A random sample of 8 cigarettes of a certain brand has an average nicotine content of 4.2 milligram and a standard deviation of 1.4 milligrams. Is this in line with manufacturer’s claim that the average nicotine content does not exceed 3.5 milligram? Use a 0.01 level of significance and assume the distribution of nicotine contents to be normal. The null and alternative hypotheses are ?

1 answer

To test the manufacturer's claim regarding the average nicotine content, we need to set up the null and alternative hypotheses.

  1. Null Hypothesis (H0): The average nicotine content does not exceed 3.5 milligrams. Mathematically, this can be expressed as: \[ H_0: \mu \leq 3.5 \]

  2. Alternative Hypothesis (H1): The average nicotine content exceeds 3.5 milligrams. This can be expressed as: \[ H_1: \mu > 3.5 \]

We can now proceed to perform a statistical test to see if we have enough evidence to reject the null hypothesis in favor of the alternative hypothesis at the 0.01 significance level.

Steps for the Hypothesis Test:

  1. Sample Size (n): 8
  2. Sample Mean (\(\bar{x}\)): 4.2 mg
  3. Sample Standard Deviation (s): 1.4 mg
  4. Significance Level (\(\alpha\)): 0.01

We'll perform a one-sample t-test because the sample size is small (n < 30), and we assume the normality of the distribution.

Test Statistic Calculation:

The t statistic is calculated using the formula: \[ t = \frac{\bar{x} - \mu_0}{s / \sqrt{n}} \] Where:

  • \(\bar{x}\) = sample mean
  • \(\mu_0\) = population mean under the null hypothesis (3.5 mg)
  • \(s\) = sample standard deviation
  • \(n\) = sample size

Substituting in the values: \[ t = \frac{4.2 - 3.5}{1.4 / \sqrt{8}} = \frac{0.7}{1.4 / 2.8284} = \frac{0.7}{0.4949} \approx 1.415 \]

Critical Value:

Next, we determine the critical value from the t-distribution table for a one-tailed test with \(n - 1 = 7\) degrees of freedom at \(\alpha = 0.01\).

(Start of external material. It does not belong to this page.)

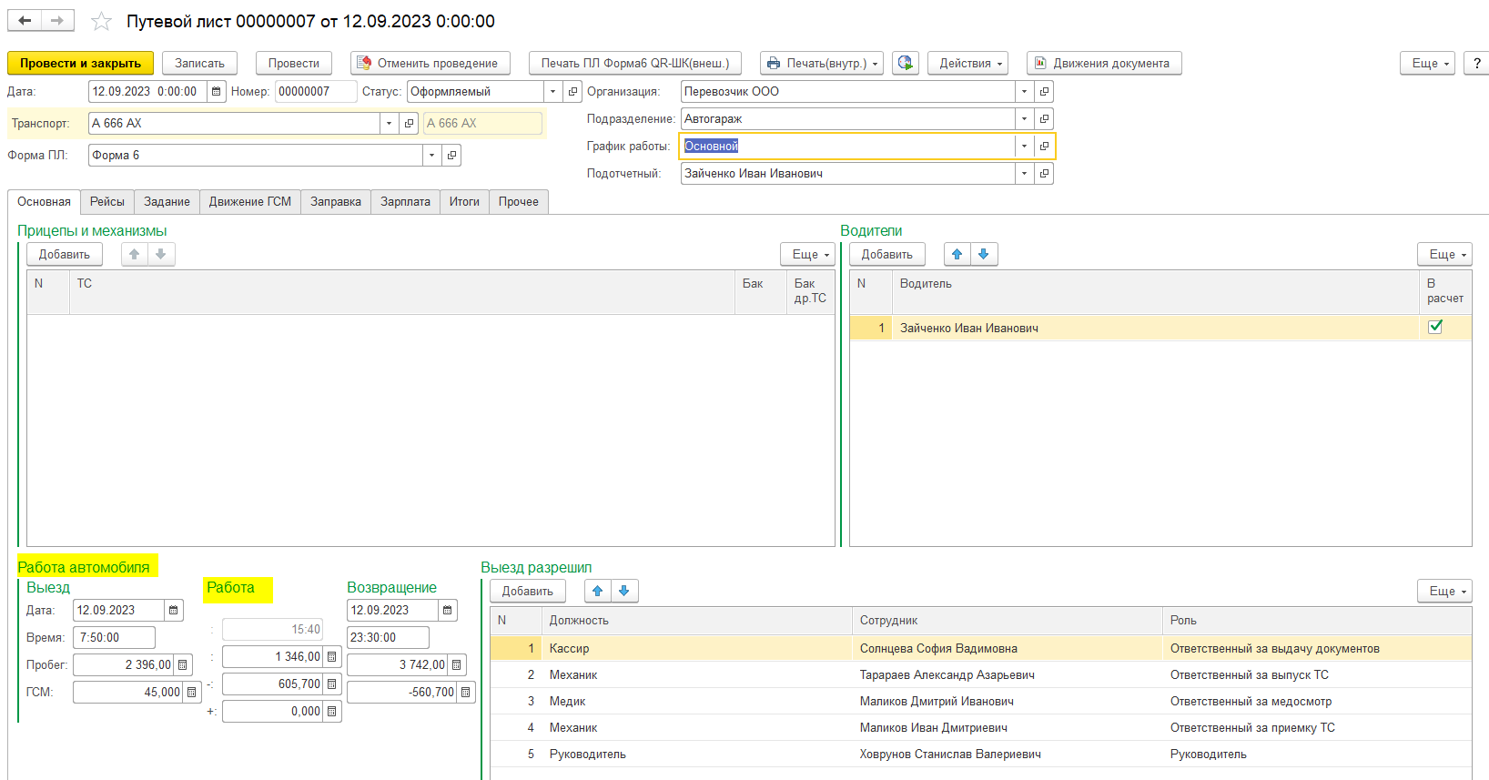 Путевой лист сформирован автоматически на основе ранее внесенных данных.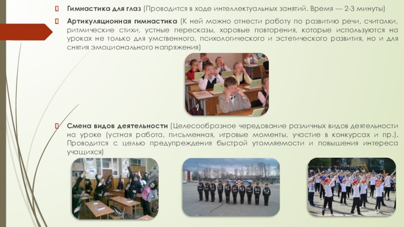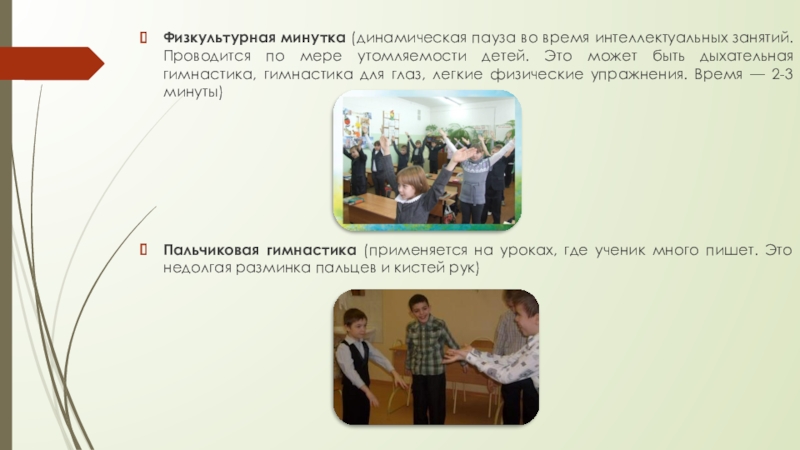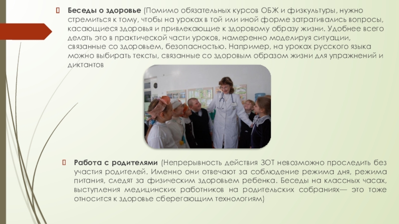 Работа с родителями (Непрерывность действия ЗОТ невозможно проследить без участия родителей. Именно они отвечают за соблюдение режима дня, режима питания, следят за физическим здоровьем ребенка. Беседы на классных часах, выступления медицинских работников на родительских собраниях— это тоже относится к здоровье сберегающим технологиям)

Using a t-table or calculator, the critical value for \(df = 7\) at \(\alpha = 0.01\) is approximately 2.998.

Decision Rule:

  • If the calculated t value exceeds the critical t value, we reject the null hypothesis.
  • If the calculated t value does not exceed the critical t value, we fail to reject the null hypothesis.

Conclusion:

  • Calculated t value: approximately 1.415
  • Critical t value: approximately 2.998

Since \(1.415 < 2.998\), we fail to reject the null hypothesis.

Final Statement:

There is not enough evidence at the 0.01 significance level to conclude that the average nicotine content of this brand exceeds 3.5 milligrams, supporting the manufacturer's claim.